(Records from a data collection)
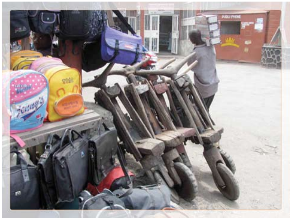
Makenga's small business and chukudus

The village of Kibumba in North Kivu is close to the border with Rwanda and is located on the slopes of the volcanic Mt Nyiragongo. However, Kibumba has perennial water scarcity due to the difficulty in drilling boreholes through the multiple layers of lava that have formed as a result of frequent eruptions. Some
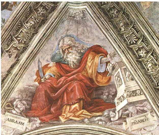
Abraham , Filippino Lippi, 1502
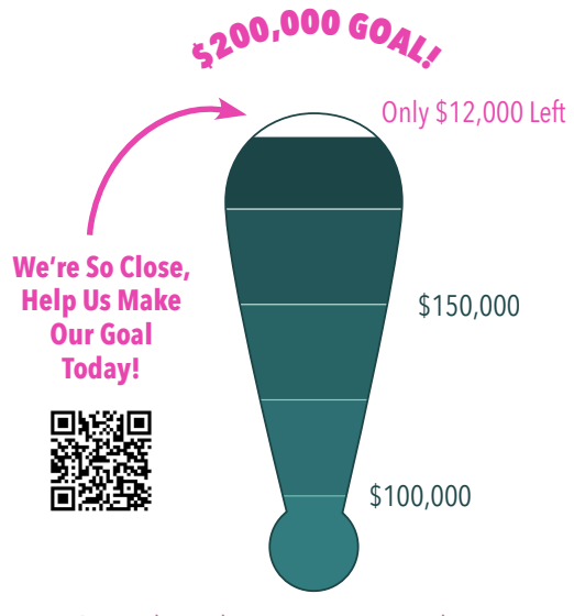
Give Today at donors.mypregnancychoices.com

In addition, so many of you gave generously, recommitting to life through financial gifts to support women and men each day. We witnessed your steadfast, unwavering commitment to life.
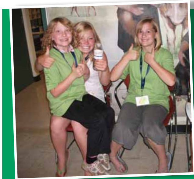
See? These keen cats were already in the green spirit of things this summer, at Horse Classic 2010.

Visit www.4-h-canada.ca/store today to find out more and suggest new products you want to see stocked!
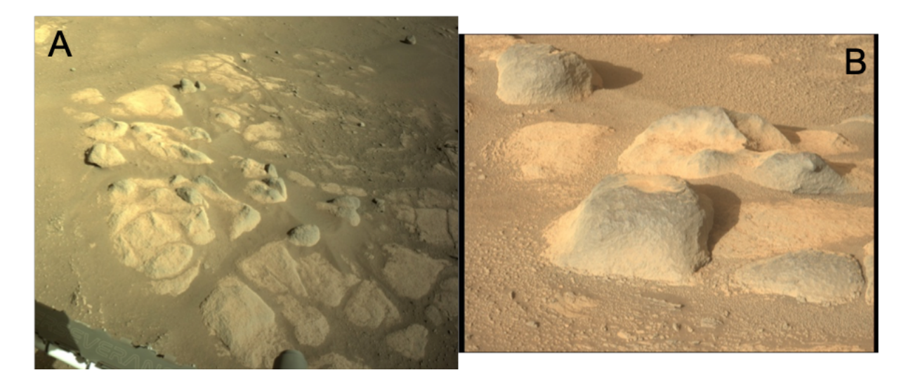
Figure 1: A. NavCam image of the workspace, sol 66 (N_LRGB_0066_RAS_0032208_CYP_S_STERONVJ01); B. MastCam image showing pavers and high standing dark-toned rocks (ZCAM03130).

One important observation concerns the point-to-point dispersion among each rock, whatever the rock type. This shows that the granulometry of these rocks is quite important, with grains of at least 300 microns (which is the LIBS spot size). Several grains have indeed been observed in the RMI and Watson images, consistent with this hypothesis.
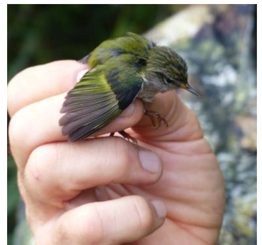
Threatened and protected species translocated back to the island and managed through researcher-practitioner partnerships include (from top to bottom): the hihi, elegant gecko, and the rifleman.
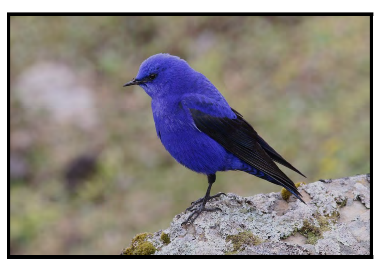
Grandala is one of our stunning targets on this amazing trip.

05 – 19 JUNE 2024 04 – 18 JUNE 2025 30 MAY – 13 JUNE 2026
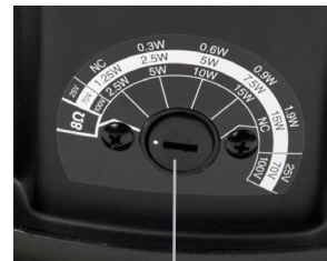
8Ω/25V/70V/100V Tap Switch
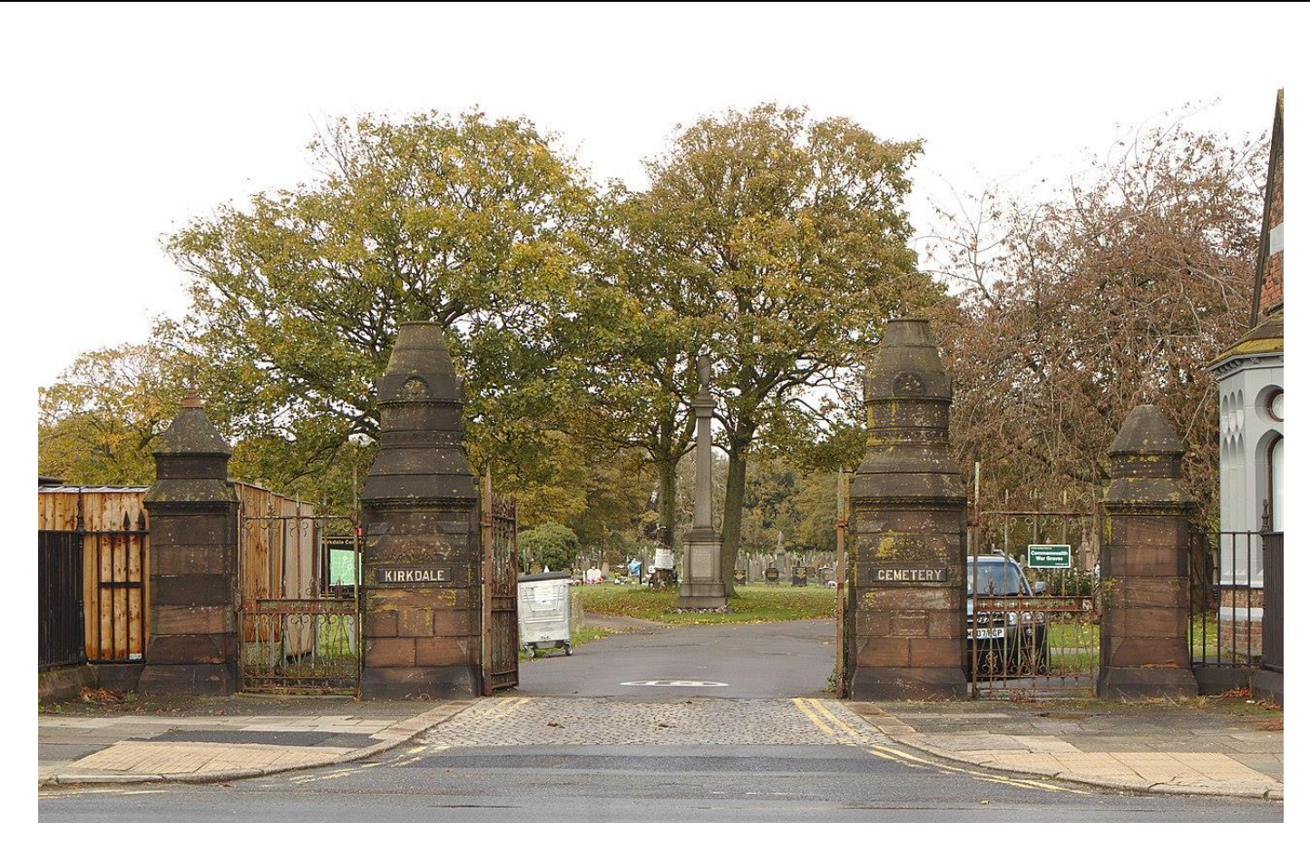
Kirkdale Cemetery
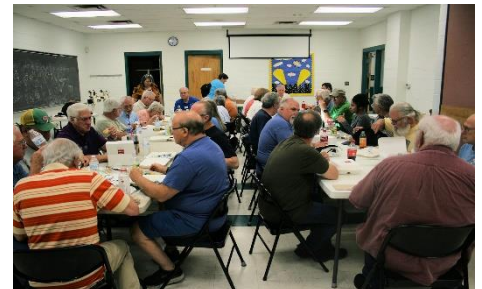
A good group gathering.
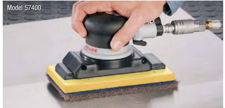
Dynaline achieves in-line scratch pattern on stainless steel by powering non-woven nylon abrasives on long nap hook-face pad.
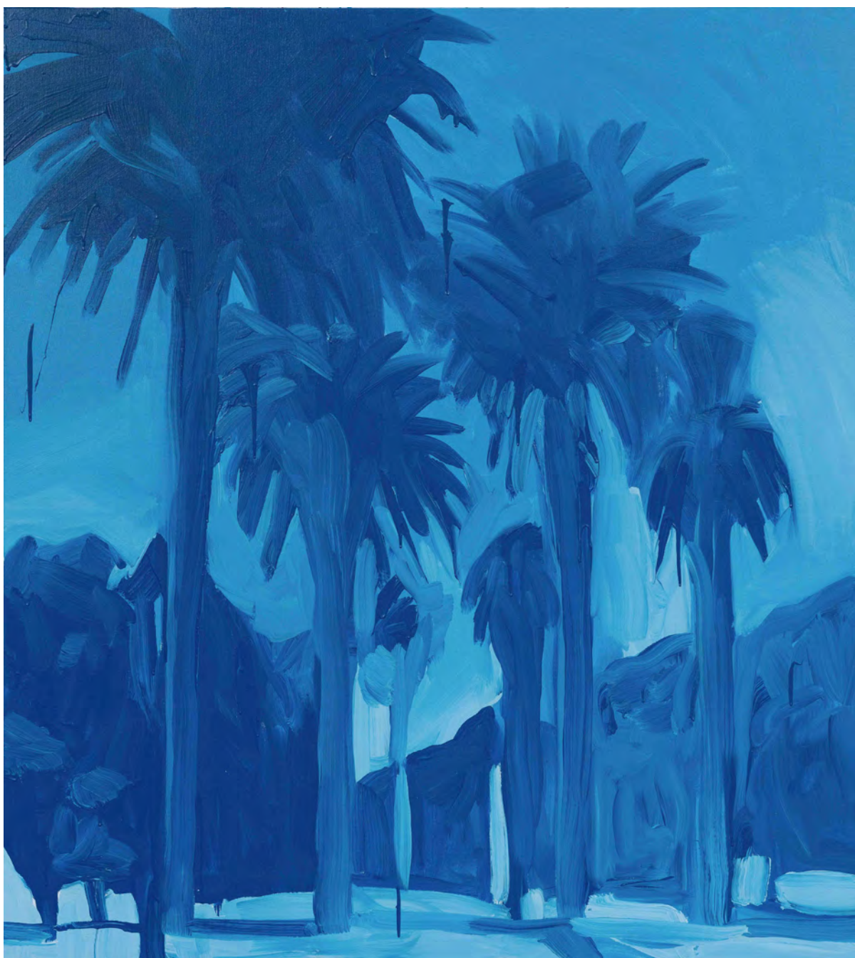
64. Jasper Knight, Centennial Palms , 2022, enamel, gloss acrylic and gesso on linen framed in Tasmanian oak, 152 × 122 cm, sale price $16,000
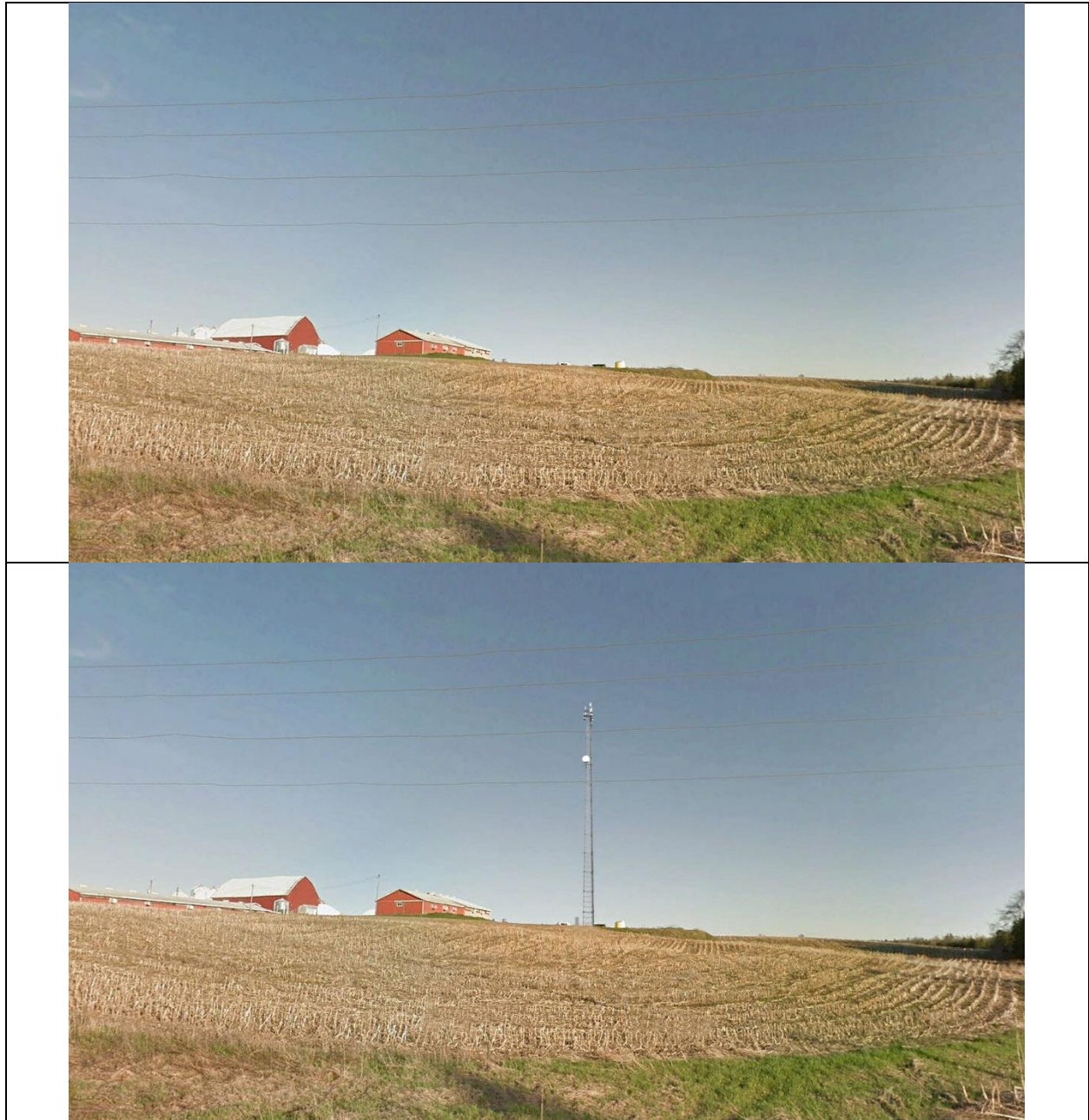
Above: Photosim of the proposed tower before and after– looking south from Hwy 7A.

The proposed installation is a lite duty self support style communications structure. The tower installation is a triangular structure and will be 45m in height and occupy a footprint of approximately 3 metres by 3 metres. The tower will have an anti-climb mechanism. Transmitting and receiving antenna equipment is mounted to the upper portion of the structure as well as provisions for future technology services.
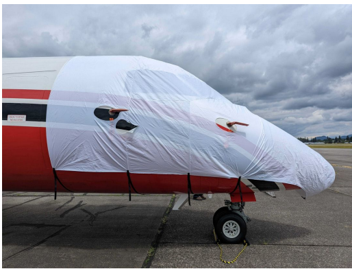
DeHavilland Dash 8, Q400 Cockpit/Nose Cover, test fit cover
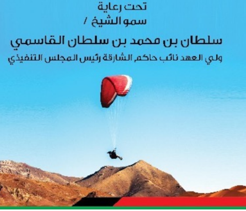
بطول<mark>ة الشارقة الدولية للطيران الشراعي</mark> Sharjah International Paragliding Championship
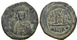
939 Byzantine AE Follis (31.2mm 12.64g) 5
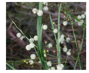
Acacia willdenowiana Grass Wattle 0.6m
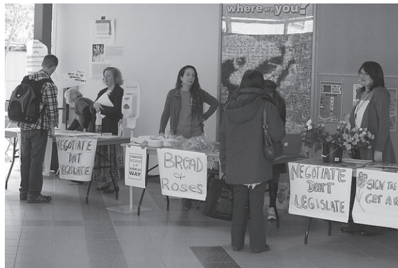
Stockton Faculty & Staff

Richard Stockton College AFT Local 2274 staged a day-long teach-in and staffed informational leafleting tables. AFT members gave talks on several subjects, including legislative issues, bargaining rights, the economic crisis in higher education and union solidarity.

## Task to complete:
Please print all of the records above exactly, omitting each picture.

## Task output:
Makenga's small business and chukudus

The village of Kibumba in North Kivu is close to the border with Rwanda and is located on the slopes of the volcanic Mt Nyiragongo. However, Kibumba has perennial water scarcity due to the difficulty in drilling boreholes through the multiple layers of lava that have formed as a result of frequent eruptions. Some
Abraham , Filippino Lippi, 1502
Give Today at donors.mypregnancychoices.com

In addition, so many of you gave generously, recommitting to life through financial gifts to support women and men each day. We witnessed your steadfast, unwavering commitment to life.
See? These keen cats were already in the green spirit of things this summer, at Horse Classic 2010.

Visit www.4-h-canada.ca/store today to find out more and suggest new products you want to see stocked!
Figure 1: A. NavCam image of the workspace, sol 66 (N_LRGB_0066_RAS_0032208_CYP_S_STERONVJ01); B. MastCam image showing pavers and high standing dark-toned rocks (ZCAM03130).

One important observation concerns the point-to-point dispersion among each rock, whatever the rock type. This shows that the granulometry of these rocks is quite important, with grains of at least 300 microns (which is the LIBS spot size). Several grains have indeed been observed in the RMI and Watson images, consistent with this hypothesis.
Threatened and protected species translocated back to the island and managed through researcher-practitioner partnerships include (from top to bottom): the hihi, elegant gecko, and the rifleman.
Grandala is one of our stunning targets on this amazing trip.

05 – 19 JUNE 2024 04 – 18 JUNE 2025 30 MAY – 13 JUNE 2026
8Ω/25V/70V/100V Tap Switch
Kirkdale Cemetery
A good group gathering.
Dynaline achieves in-line scratch pattern on stainless steel by powering non-woven nylon abrasives on long nap hook-face pad.
64. Jasper Knight, Centennial Palms , 2022, enamel, gloss acrylic and gesso on linen framed in Tasmanian oak, 152 × 122 cm, sale price $16,000
Above: Photosim of the proposed tower before and after– looking south from Hwy 7A.

The proposed installation is a lite duty self support style communications structure. The tower installation is a triangular structure and will be 45m in height and occupy a footprint of approximately 3 metres by 3 metres. The tower will have an anti-climb mechanism. Transmitting and receiving antenna equipment is mounted to the upper portion of the structure as well as provisions for future technology services.
DeHavilland Dash 8, Q400 Cockpit/Nose Cover, test fit cover
بطول<mark>ة الشارقة الدولية للطيران الشراعي</mark> Sharjah International Paragliding Championship
939 Byzantine AE Follis (31.2mm 12.64g) 5
Acacia willdenowiana Grass Wattle 0.6m
Stockton Faculty & Staff

Richard Stockton College AFT Local 2274 staged a day-long teach-in and staffed informational leafleting tables. AFT members gave talks on several subjects, including legislative issues, bargaining rights, the economic crisis in higher education and union solidarity.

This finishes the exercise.